Because data volumes are increasing exponentially, it is more important than ever that organisations use the densest, most efficient data storage possible, to limit sprawling data centre footprints, and the spiralling power and cooling costs that go with them. This presents another challenge that is beginning to surface as a significant issue: the implications massively scaled-up storage requirements have for being able to achieve net zero carbon targets by 2030-2040.
Some technology vendors are already addressing sustainability in their product design. For example, all-flash storage solutions are considerably more efficient than their spinning disk, HDD counterparts. Some vendors are even going beyond off the shelf SSDs, creating their own flash modules.
As well as being more sustainable than HDD, it is also a fact that flash storage is much better suited to running AI projects. This is because the key to results is connecting AI models or AI powered applications to data.
To do this successfully requires large and varied data types, streaming bandwidth for training jobs, write performance for checkpointing, and checkpoint restores, random read performance for inference and crucially it all needs to be 24×7 reliable and easily accessible, across silos and applications.
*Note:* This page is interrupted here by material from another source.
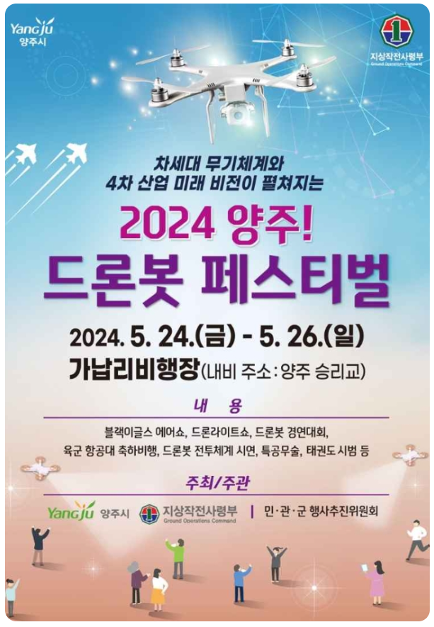 양주시가 지상작전사령부와 함께 오는 5월 24일부터 26일까지 가납리비행장(내비 검색 시 “양주 승리교”)에서 3일간 ‘2024 양주! 드론봇 페스티벌’을 개최한다.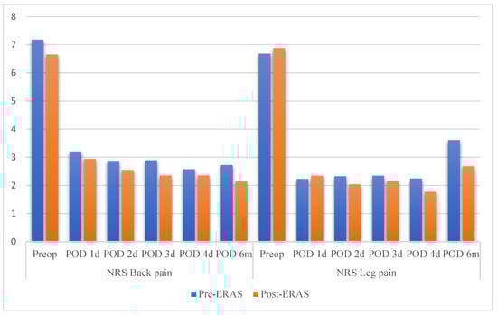 Further analysis using the Linear Mixed Effects Model showed that the time:group interaction was not statistically significant for either back pain NRS (p = 0.848) and leg pain NRS (p = 0.503), indicating that the pattern of pain scores over time did not differ significantly between the pre-ERAS and post-ERAS groups.

This set of characteristics is not possible with HDD based storage underpinning your operations, all-flash is needed.
Data centres are now facing a secondary but equally important challenge that will be exacerbated by the continued rise of AI and ML. That is water consumption, which is set to become an even bigger problem.
As AI and ML continue to rapidly evolve, the focus will increase on data security, to ensure that rogue or adversarial inputs cannot change the output, model repeatability, using techniques like Shapley values to gain a better understanding of how inputs alter the model and stronger ethics, to ensure this powerful technology is used to actually benefit humanity.